>>>>

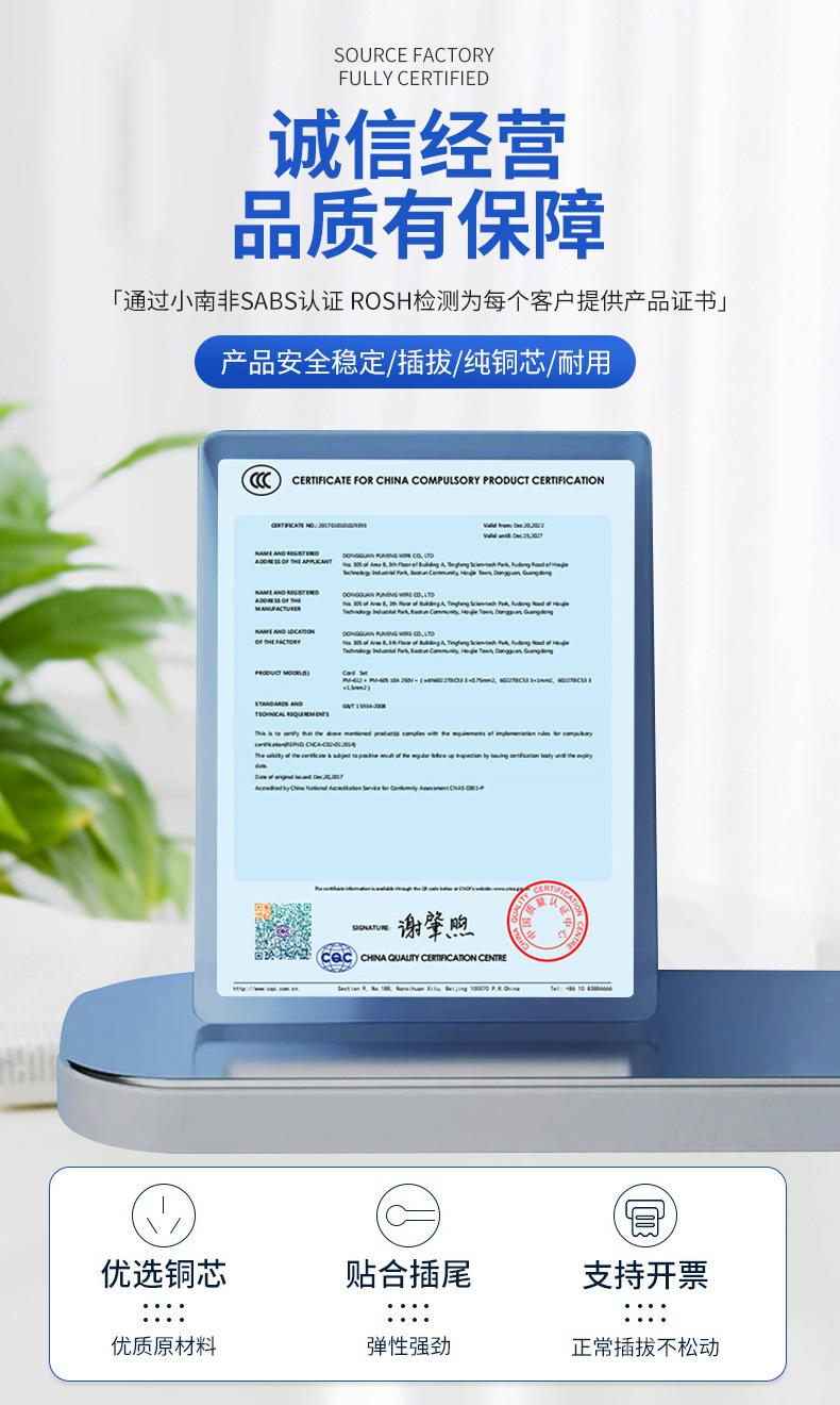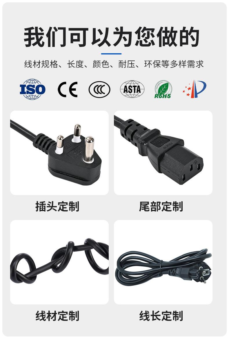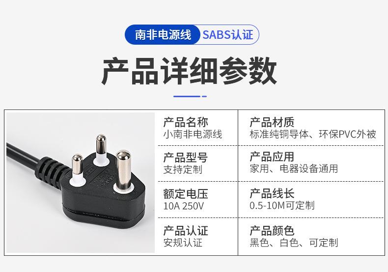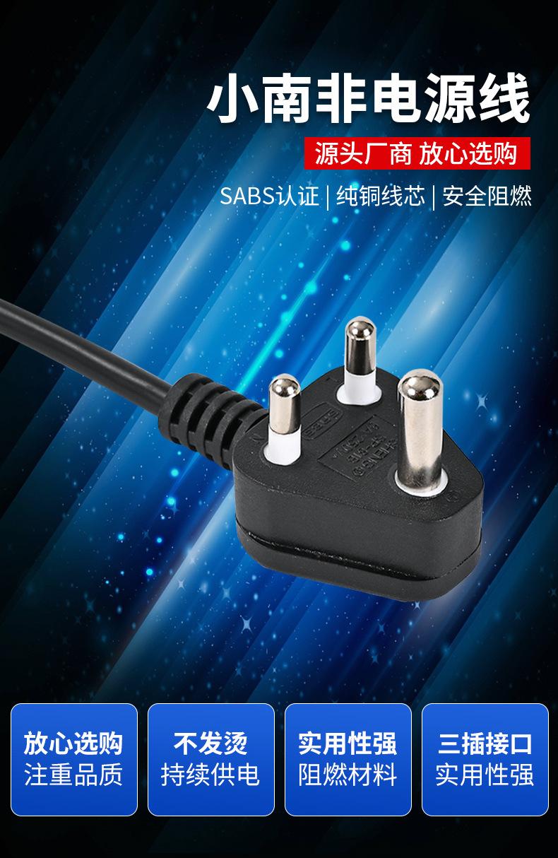 Ventas Directas de Fábrica Cable de Alimentación Pequeño Sudafricano de Tres Clavijas con Sufijo, Cable de Alimentación Indio de Tres Núcleos con Cola de Flor de Ciruelo Grande
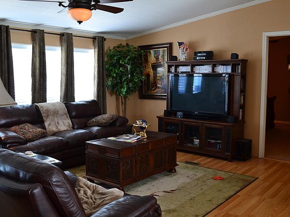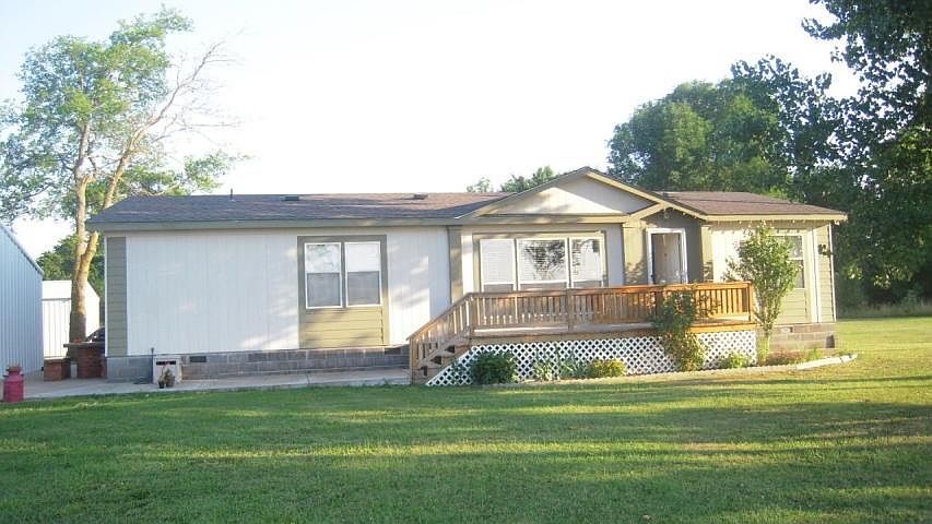 This home is a Solitaire manufactured home in immaculate condition. Financing is available with 20% down. Country living close to town. Owner has just updated paint, flooring, and granite in kitchen. With new stainless appliance, new sink/vanity and toilets in bathrooms. Fenced back yard, storm cellar and storage building out back. Two car garage with room for work area.
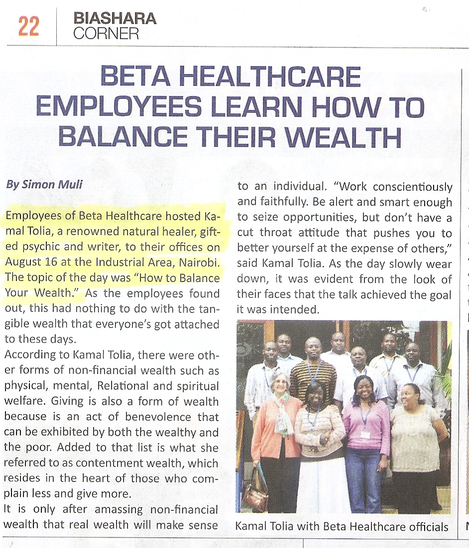 A Talk on Balancing your Wealth …..Reported in the Asian Weekly Newspaper, Nairobi, Kenya.
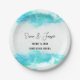 Beach Wedding Paper Plates Blue Waves Watercolor by © Cathy Thompson. Gorgeous design of painted watercolor blue waves on the beach. Perfect for the Bride and Groom looking for a unique theme and design.
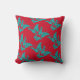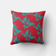 Farbenfrohe Kissen mit einem türkisfarbenen Retro-Bandana-Paisley-Schmetterlingsmuster auf einem roten Hintergrund.
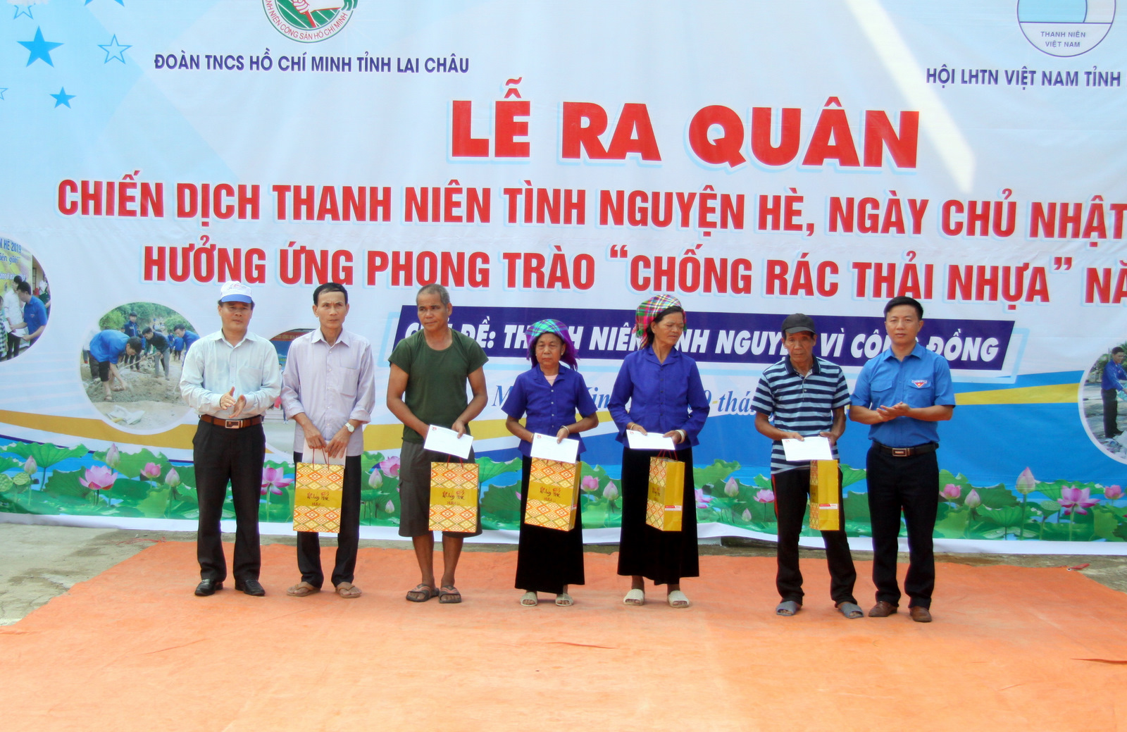 Tại buổi Lễ, Tỉnh Đoàn đã trao 40 triệu đồng hỗ trợ 2 gia đình chính sách xóa nhà tạm tại bản Nà Khương, Nà Then; trao 5 suất quà cho hộ gia đình chính sách, người có công, người cao tuổi có hoàn cảnh khó khăn xã Mường Kim.
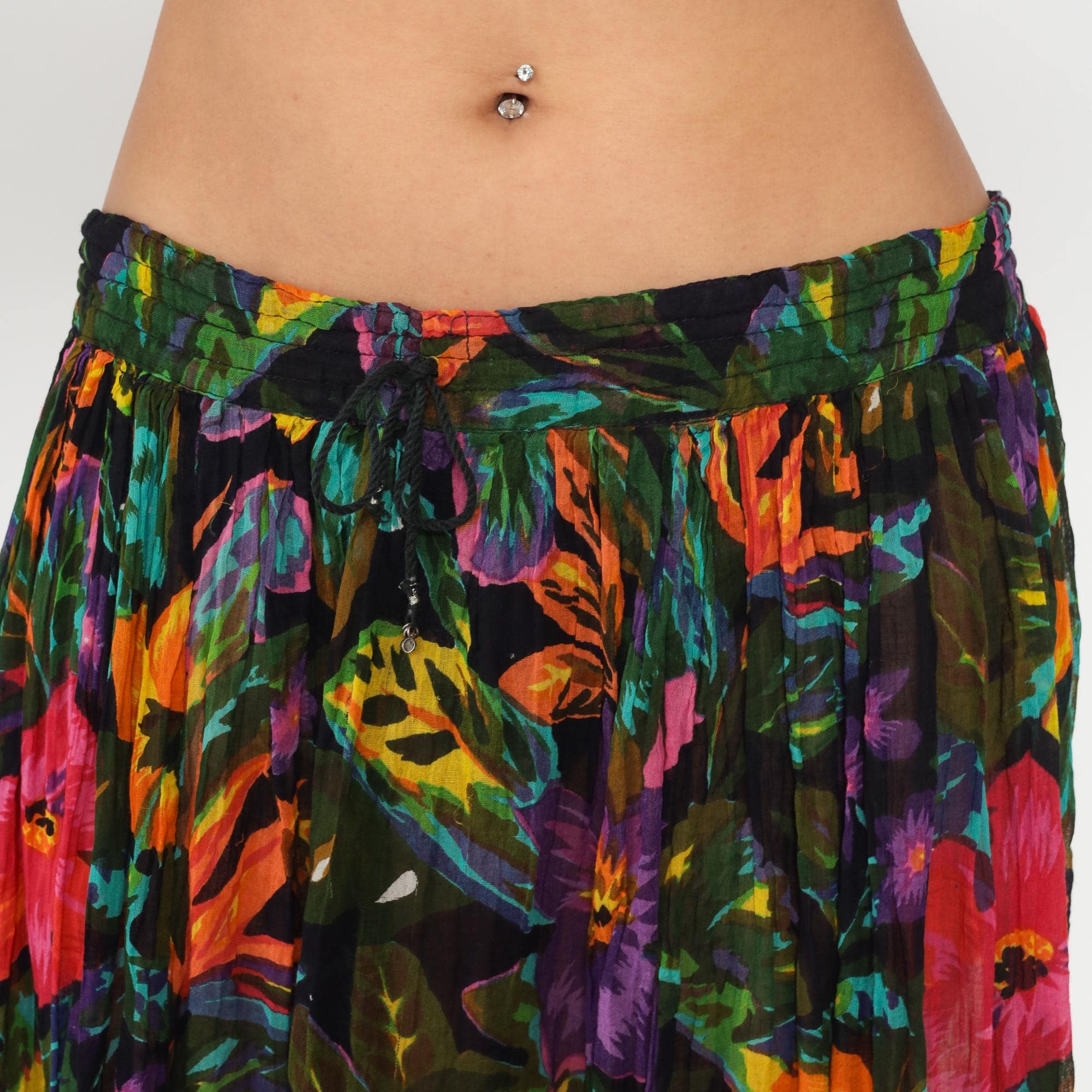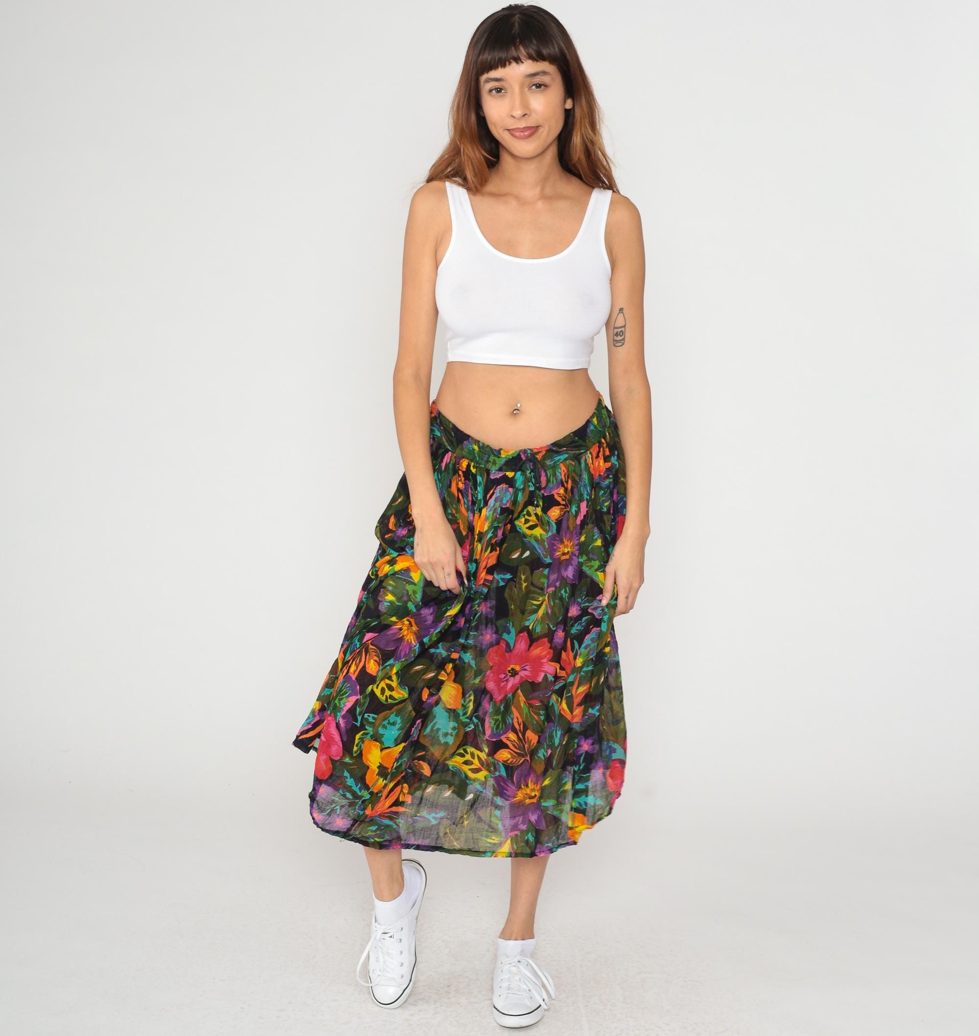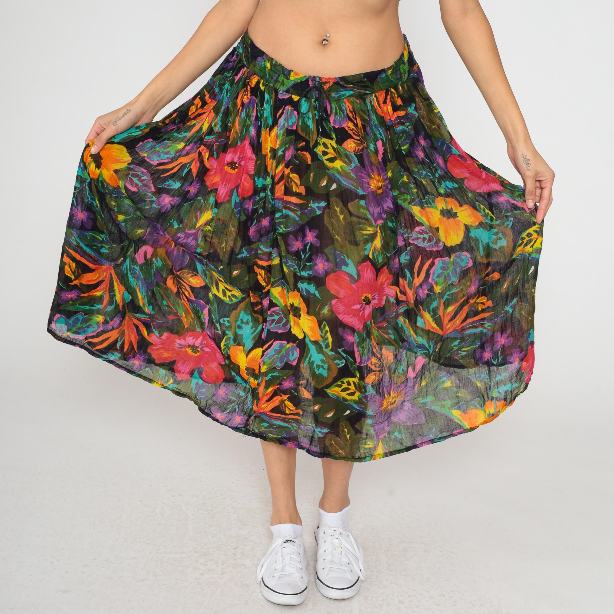90s black tropical floral midi skirt with pink, coral, purple, orange, yellow, and turquoise flowers across semi-sheer fabric. Butterfly and green foliage motifs throughout the print. Elastic gathered waistband with A-line shape and flowing pleated fullness.

<<<<

WHAT IS REQUIRED:
Each entry above should be returned exactly as written, minus its pictures.

EXERCISE RESULT:
 Ventas Directas de Fábrica Cable de Alimentación Pequeño Sudafricano de Tres Clavijas con Sufijo, Cable de Alimentación Indio de Tres Núcleos con Cola de Flor de Ciruelo Grande
 This home is a Solitaire manufactured home in immaculate condition. Financing is available with 20% down. Country living close to town. Owner has just updated paint, flooring, and granite in kitchen. With new stainless appliance, new sink/vanity and toilets in bathrooms. Fenced back yard, storm cellar and storage building out back. Two car garage with room for work area.
 A Talk on Balancing your Wealth …..Reported in the Asian Weekly Newspaper, Nairobi, Kenya.
 Beach Wedding Paper Plates Blue Waves Watercolor by © Cathy Thompson. Gorgeous design of painted watercolor blue waves on the beach. Perfect for the Bride and Groom looking for a unique theme and design.
 Farbenfrohe Kissen mit einem türkisfarbenen Retro-Bandana-Paisley-Schmetterlingsmuster auf einem roten Hintergrund.
 Tại buổi Lễ, Tỉnh Đoàn đã trao 40 triệu đồng hỗ trợ 2 gia đình chính sách xóa nhà tạm tại bản Nà Khương, Nà Then; trao 5 suất quà cho hộ gia đình chính sách, người có công, người cao tuổi có hoàn cảnh khó khăn xã Mường Kim.
90s black tropical floral midi skirt with pink, coral, purple, orange, yellow, and turquoise flowers across semi-sheer fabric. Butterfly and green foliage motifs throughout the print. Elastic gathered waistband with A-line shape and flowing pleated fullness.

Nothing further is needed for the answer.